La guerra fu invece un "dibattito in armi" sulla natura della Costituzione federale per stabilire se il Paese dovesse continuare a mantenere l’assetto politico-istituzionale-culturale originario (decentrato, federalista, ispirato al principio di sussidiarietà, e in buona parte erede della tradizione giuridica e civile europea) oppure trasformarsi in un nuovo soggetto centralistico plasmato da un neogiacobinismo di ritorno che, assente fra i protagonisti dell’alba della repubblica statunitense, si era fatto sornionamente strada lungo l’Ottocento per poi esplodere virulento negli stessi anni in cui in Italia esplodeva - secondo una logica cugina, lo ricordò il beato papa Pio IX (1792-1878) esprimendo solidarietà all’ingiustamente incarcerato presidente della Confederazione "sudista" Jefferson Davis (1808-1889) - il cosiddetto Risorgimento.
Sia in Italia sia negli Stati Uniti, i difensori dell’ordine anti-illuminista stavano nel Meridione: nel regno delle Due Sicilie da noi, negli Stati Confederati d’America - i "sudisti" - da loro. Oltreoceano la situazione veniva certo complicata molto - talora troppo - dalla questione della schiavitù, ma degli schiavi neri ai "nordisti" in genere interessava poco, meno ancora ad Abraham Lincoln (1809-1965).

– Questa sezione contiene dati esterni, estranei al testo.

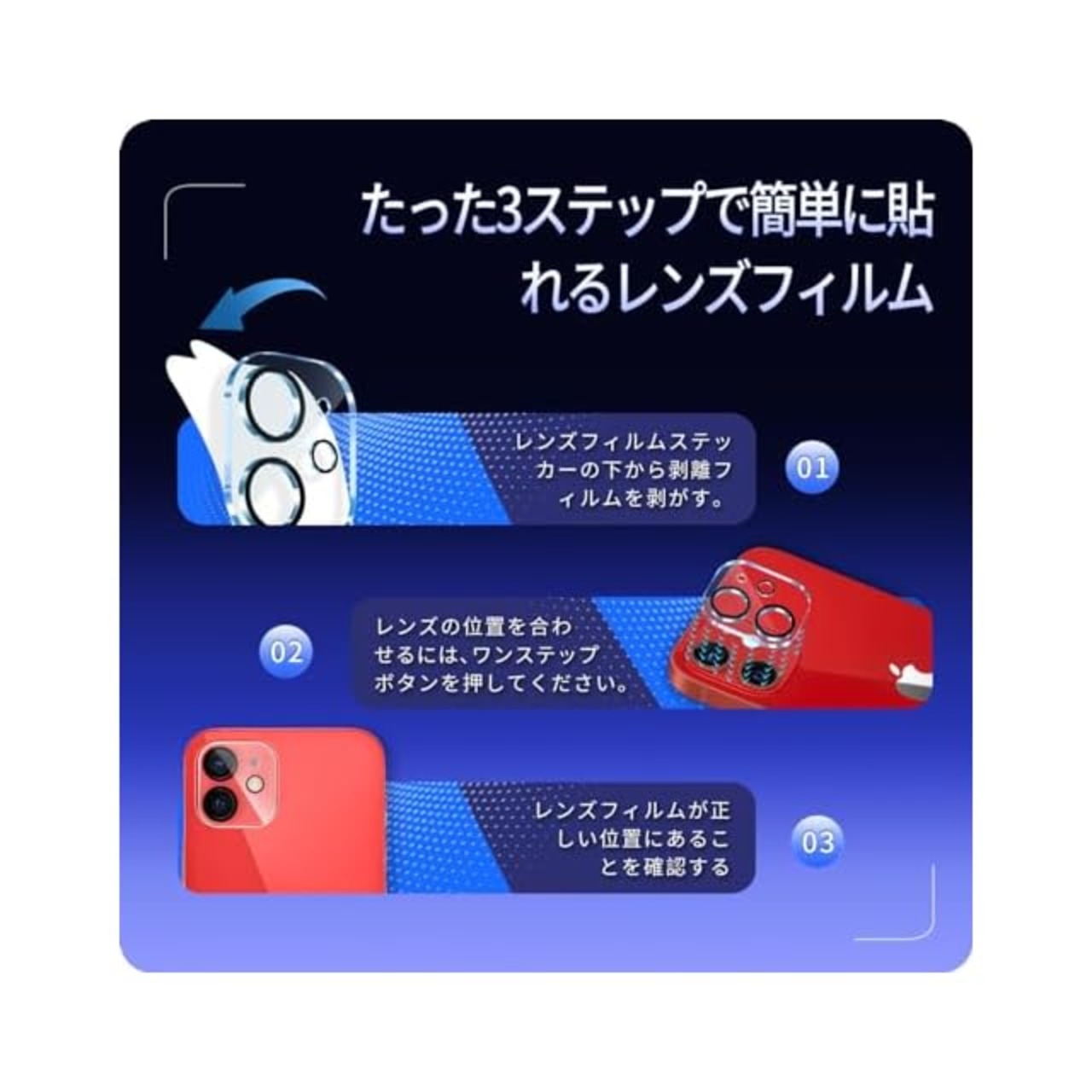 <b>【Seninhi】iPhone 11 / iPhone 12 mimi レンズ保護フィルム について </b><br><br>仕様<br> 厚さ: 0.26mm <br>光透過率: 99% <br>素材:国産AGC旭硝子ガラス <br>対応機種:iPhone 12 Pro Max <br><br> <br>【同梱品】</b><br>3 × レンズ保護フィルム <br> 3 × スクリーンクリーニングキット <br> 3 × ホコリ除去用ステッカー <br> <br> <b>特徴 </b> <br> <b>【9h高硬度】</b><br> 私たちの強化フィルムは日本AGC旭硝子ガラスを使用し、4.5時間の高温急冷と多重強化処理して、同じ厚さの通常のレンズガラスフィルムに比べて約5倍の強さを持ち、ガラスフィルムは9Hの最も硬い表面硬度に達しました。ナイフなどの鋭いものでも傷を与えません。日常生活で気軽に対応できます。 <br> <b>【飛散防止】</b><br> 飛散防止を通して、万が一ガラスが割れても破片が飛散しなく、破片による重傷事故を減らして、とても安全です。 <br> <b> 【ラウンドエッジ加工】</b><br>真空メッキプロセスを使用し、正しい丸みをエッジ処理して、不快感がありません。しかもエッジ部分へ衝撃が少なく、快適で滑らかな肌触りを提供する同時に、使用中に鋭い角のエッジで指を傷されません。 <br> <b>【99%以上の携帯電話ケースに干渉しない】</b><br> 百件以上な携帯電話ケースをテストしましたが、適応率は 99%に達しました。 <br> <b>【素人でも簡単に貼り付け】</b><br>iPhone 11 / iPhone 12 mimi レンズ保護フィルムの粘着面は自動吸着できるので、ガラスフィルムを携帯電話のレンズに合わせるだけで自然に吸着し、しかも気泡の発生しません。誰でも簡単に貼り付けられ、万が一失敗しても剥がして貼り直すことができます。 <br> <b> 三、ご注意事項:</b><br> 1.フィルムを貼り付ける前に、手をきれいに洗ってください。<br> 2.貼り直しによる泡を防止するため、はがす際にフィルムの粘着面に手や物が触れないようご注意ください。<br> 3. 保護フィルムは過度の衝撃等を防止するものではありません。携帯電話の故障、紛失等の責任は負いかねます。<br> <b> 四、アフターサービス ご購入日より180日以内に初期不良や、ヒビ・欠け・ホコリ混入・サイズ違い等の使用上の問題がございましたら、ご遠慮なく、いつでもお気軽にご連絡ください。私たちは具体的な問題により、お客様に満足できる解決策を提供します。</b>

Solo quando si rese conto di non potere più fare a meno dell’appoggio dell’ala abolizionista - li chiamavano Radicali - del Partito Repubblicano di allora Lincoln si decise a giocare la carta dei neri, sfruttandone le evidenti virtù propagandistiche.
«Se ci fosse», scrisse Lincoln nel 1862 (a guerra iniziata) con parole citate in ogni bigino, «chi non desidera salvare l’Unione, a meno di non potere allo stesso tempo salvare la schiavitù, io non sarei d’accordo con costoro. Se ci fosse chi non desidera salvare l’Unione a meno di non poter al tempo stesso sconfiggere la schiavitù, io non sarei d’accordo con costoro. Il mio obiettivo supremo in questa battaglia è di salvare l’Unione, e non se porre fine o salvare la schiavitù. Se potessi salvare l’Unione senza liberare nessuno schiavo, io lo farei; e se potessi salvarla liberando tutti gli schiavi, io lo farei; e se potessi salvarla liberando alcuni e lasciandone altri soli, io lo farei anche in questo caso. Quello che faccio al riguardo della schiavitù, e della razza di colore, lo faccio perché credo che aiuti a salvare l’Unione; e ciò che evito di fare, lo evito perché non credo possa aiutare a salvare l’Unione».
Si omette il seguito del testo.